Pun demikian, Haedar dan Mu’ti adalah cerminan langsung bagaimana warga Muhammadiyah berkepribadian. Selalu aktif bergerak dengan segala kemampuan yang dimiliki. Tak perlu menunggu mampu, yang terpenting Amanah dijalankan.

Sebagai seorang tokoh yang disegani di Muhammadiyah, nyatanya Haedar tak pernah tinggi diri. Pergi ke manapun dengan kendaraan seada nya. Tak risih naik transportasi umum jika harus dinas ke daerah. Juga tak minta diistimewakan ketika berada di ruang publik. Tak kebagian shaf saat mendengar khotbah Jumat di suatu masjid, Haedar tak canggung duduk di tangga masjid.

Pun dengan Mu’ti, seorang guru besar yang lebih suka pergi ke manapun tanpa asisten. Cukup laptop dalam ransel menjadi teman baginya dalam beraktivitas. Pun ketika bepergian, tak pernah ada yang namanya kemewahan.

Bahkan, Mu’ti pernah membuat publik terkejut lewat keputusannya menolak tawaran untuk menduduki jabatan Wakil Menteri Pendidikan, Kebudayaan, Riset dan Teknologi. Sebuah jabatan mentereng yang ternyata tidak membuatnya terlena. Dia lebih memilih tetap mengajar di almamaternya, UIN Syarif Hidayatullah, sekaligus melanjutkan tugasnya sebagai Sekretaris Umum Pimpinan Pusat Muhammadiyah.

Mu’ti terkenal aktif mengembangkan sayap persyarikatan. Karakternya yang terbuka dan toleran menjadikan Muhammadiyah bisa dikenal semua kalangan. Bahkan oleh non-Muslim sekalipun.

Di dalam negeri saja, Muhammadiyah di masa kepemimpinan Haedar dan Mu’ti sukses membuka lembaga pendidikan di daerah dengan basis warga non-Muslim. Siswanya adalah non-Muslim dan tidak dipaksa untuk belajar materi Agama Islam. Mereka tetap mendapat pendidikan agama sesuai keyakinannya, hanya ditambah materi Kemuhammadiyahan.

Belum lagi di luar negeri. Sudah berapa banyak Cabang Istimewa Muhammadiyah berdiri. Bahkan satu prestasi yang membanggakan, Universitas Muhammadiyah akhirnya punya kampus di Malaysia. Namanya, Universiti Muhammadiyah Malaysia (UMAM). Ini menjadi kampus pertama Ormas Islam Indonesia di luar negeri.

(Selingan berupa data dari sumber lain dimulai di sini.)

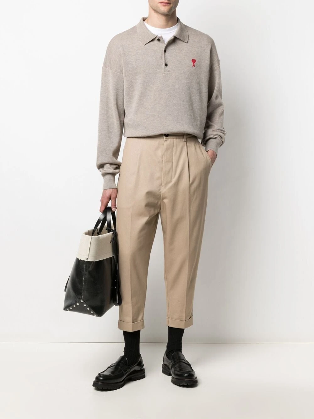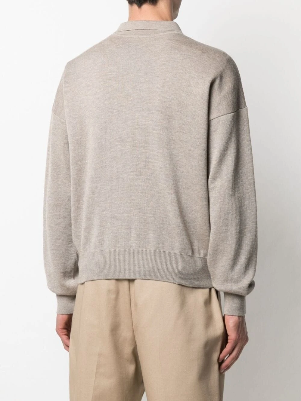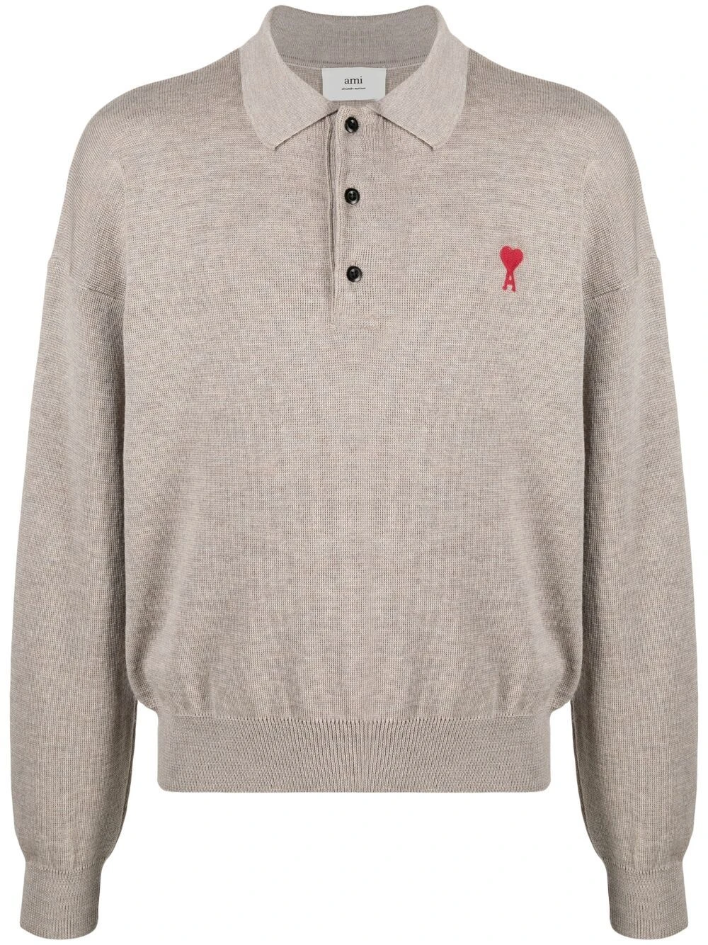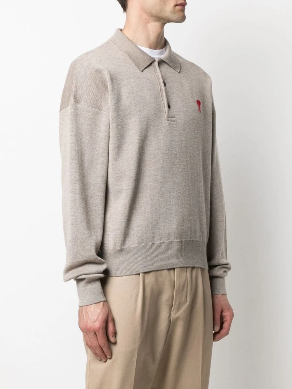 Logo Ami de Coeur signature, col polo, patte de boutonnage sur le devant, effet d’épaules descendues, manches longues. Matière : mérinos.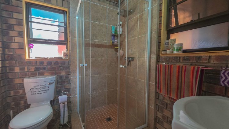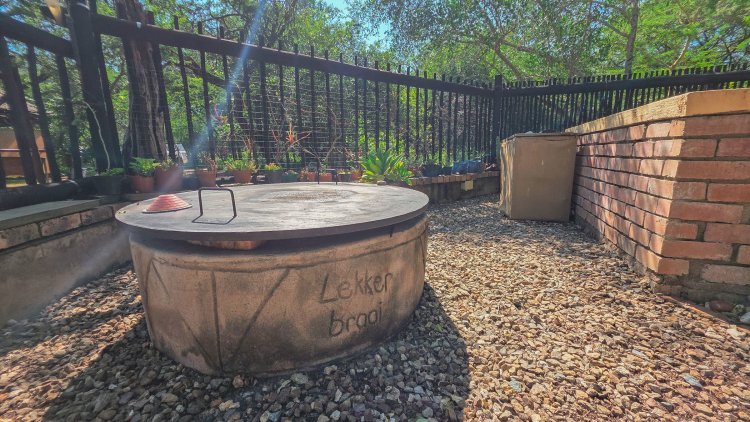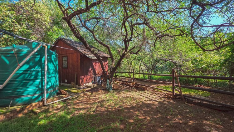 • 8 solar panels with inverter and 2 x 5 kVA batteries (reliable back-up power) • 5,000L rainwater harvesting tank with booster pump • 2,500L JoJo tank connected to municipal supply • Spacious 12m² Wendy House with electricity and alarm system • Triple carport • Sold unfurnished (only a few selected items remain)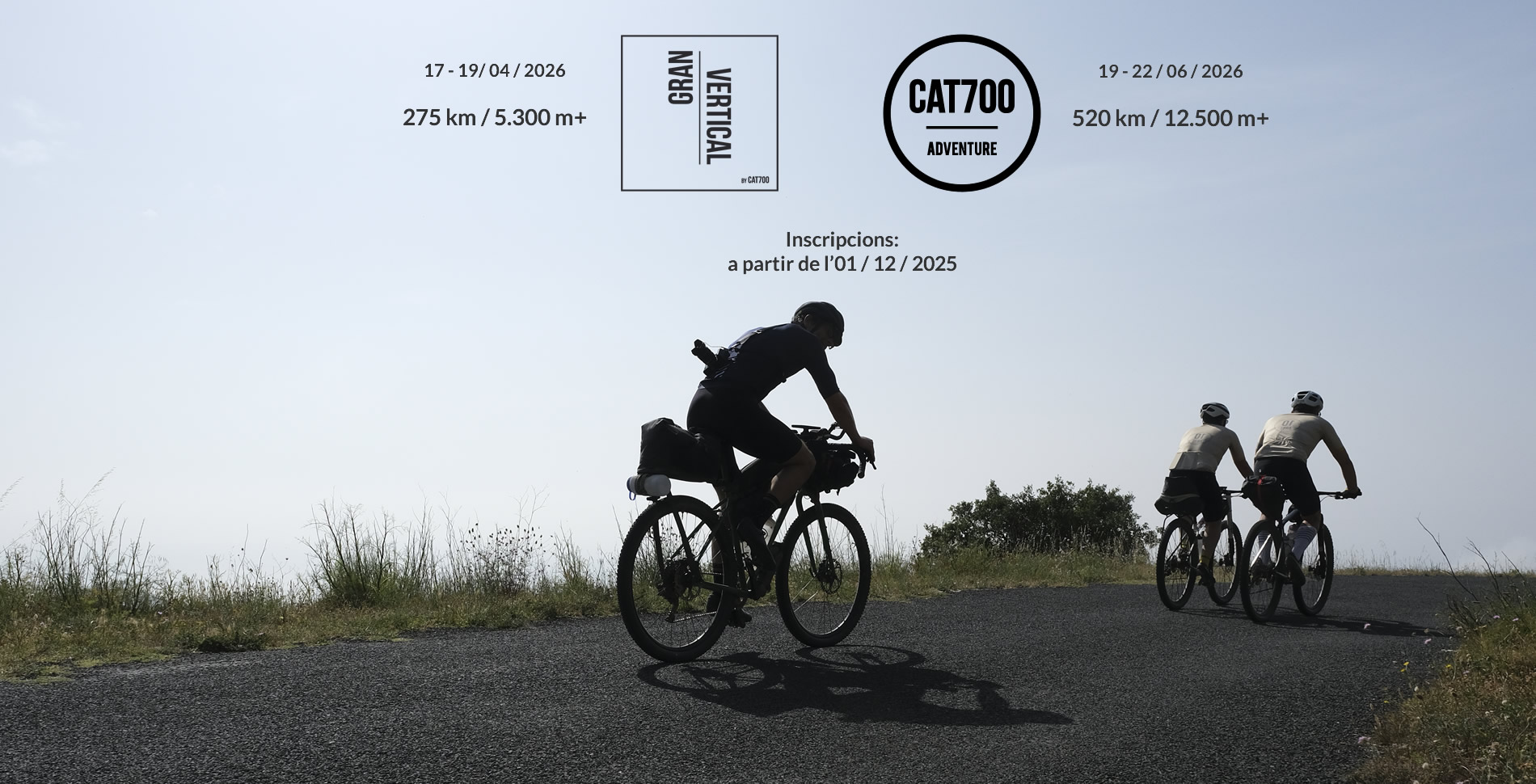 "Una aventura, mil territoris". Aquest és el nostre lema. A la CAT700 i la Gran Vertical, et garantim que viuràs una experiència esportiva intensa, no competitiva; un viatge que et portarà, a través d'uns recorreguts meticulosament traçats, a descobrir territoris ocults. El nostre bagatge com a amants del viatge en bicicleta i dels esports d'aire lliure, així com a organitzadors d'esdeveniments esportius i autors de nombrosos itineraris és el nostre millor aval.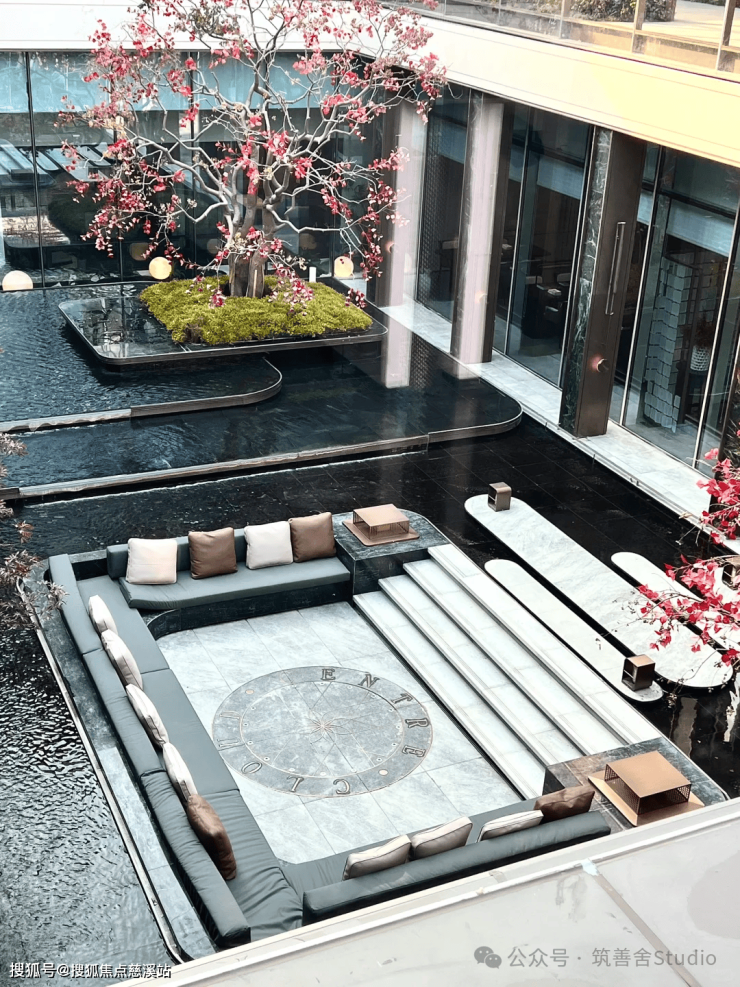 下沉式庭院,引入广阔镜面水景,水面上错落有致地布设景观绿植,与嵌入式休闲沙发会客区相映成趣,营造出既生动又高雅的空间氛围。每一园区皆蕴藏一个缩微宇宙,每一步履间,景色迭变。设计师们不仅为下沉庭院赋予了独特的主题风格,更致力于通过巧妙设计,让室内空间与自然景观无缝衔接,和谐共融。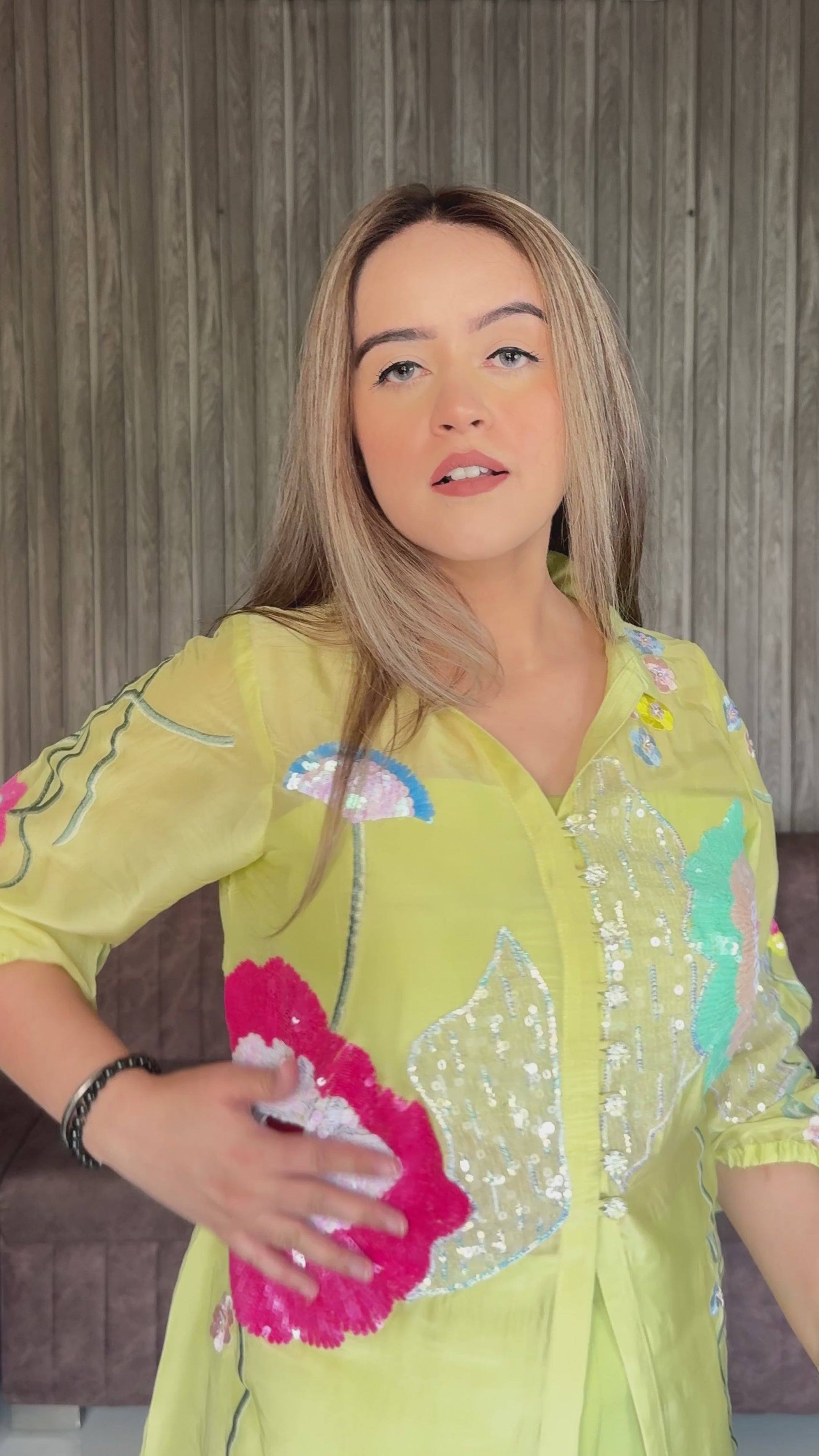 Elegant lime green 3 piece co-ord set with floral handwork embroideries. This stunning outfit features intricate flowers, cuffed sleeves, and matching pants/bustier.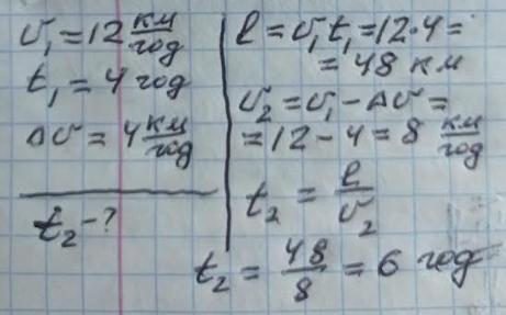 лижник планував піти зі швидкістю 12 км/год і за 4 год дістатися до наміченої цілі. Але рухався він зі швидкістю на 4 км/год меншою. за який час лижник дістався до наміченої цілі?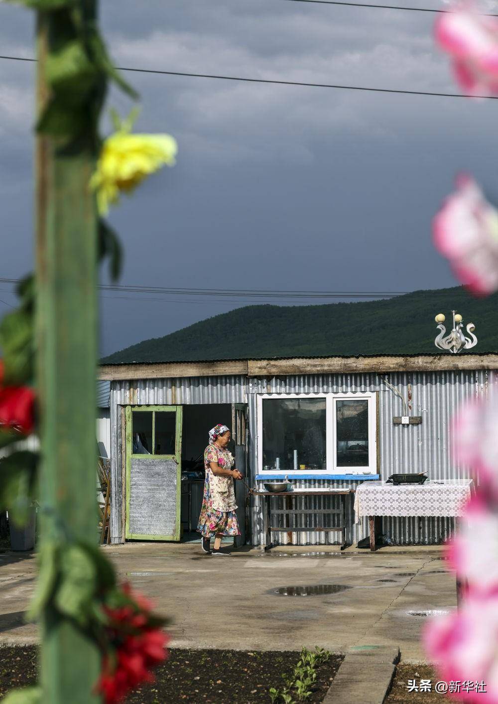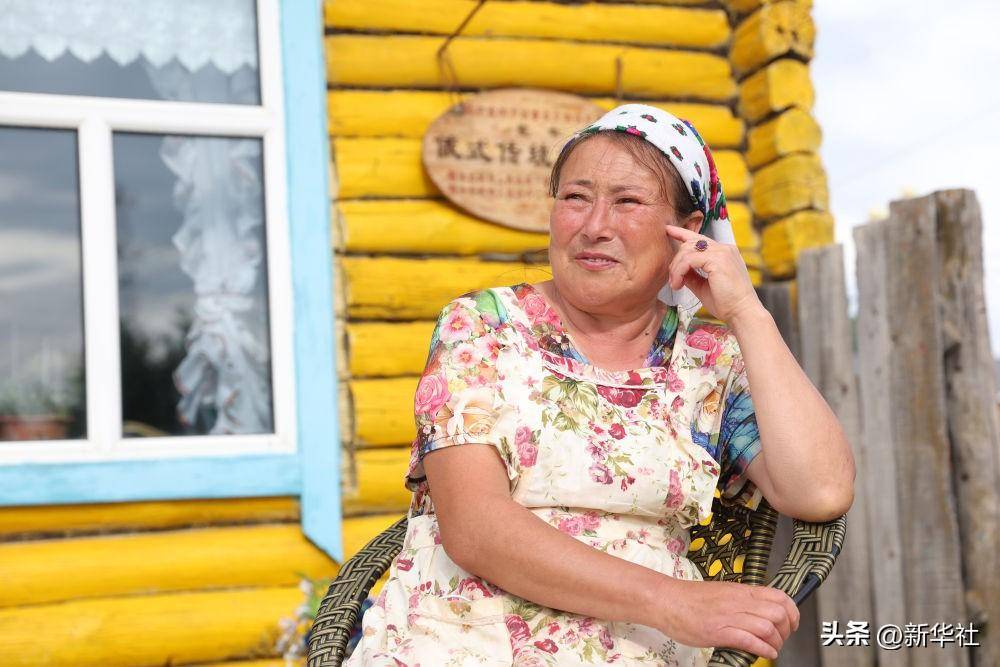 6月28日,考占花(右)坐在院子里唱起俄罗斯族歌曲。

Melihat konteks saat ini, tampaknya ujian bagi Haedar dan Mu’ti akan lebih berat. Kita tahu, Indonesia tengah bersiap menyambut tahun politik. Sementara, konstelasi pilpres yang segera datang cukup pelik lantaran munculnya politik kebencian imbas Pilgub DKI Jakarta 2017 yang tidak tuntas hingga saat ini.

Keputusan yang diambil Muhammadiyah kala itu pun tepat, menjauh dari panasnya politik dengan mengimbau warganya untuk tidak dukung mendukung dengan membawa nama persyarikatan. Pilihan politik diserahkan sepenuhnya kepada warga secara pribadi.

Dengan kontestasi yang sudah terasa panas di awal, keistiqomahan Muhammadiyah untuk bergerak di jalannya kembali diuji. Tetapi saya yakin, Haedar dan Mu’ti akan mampu kembali menjalankan perannya sebagai penjaga keistiqomahan tersebut.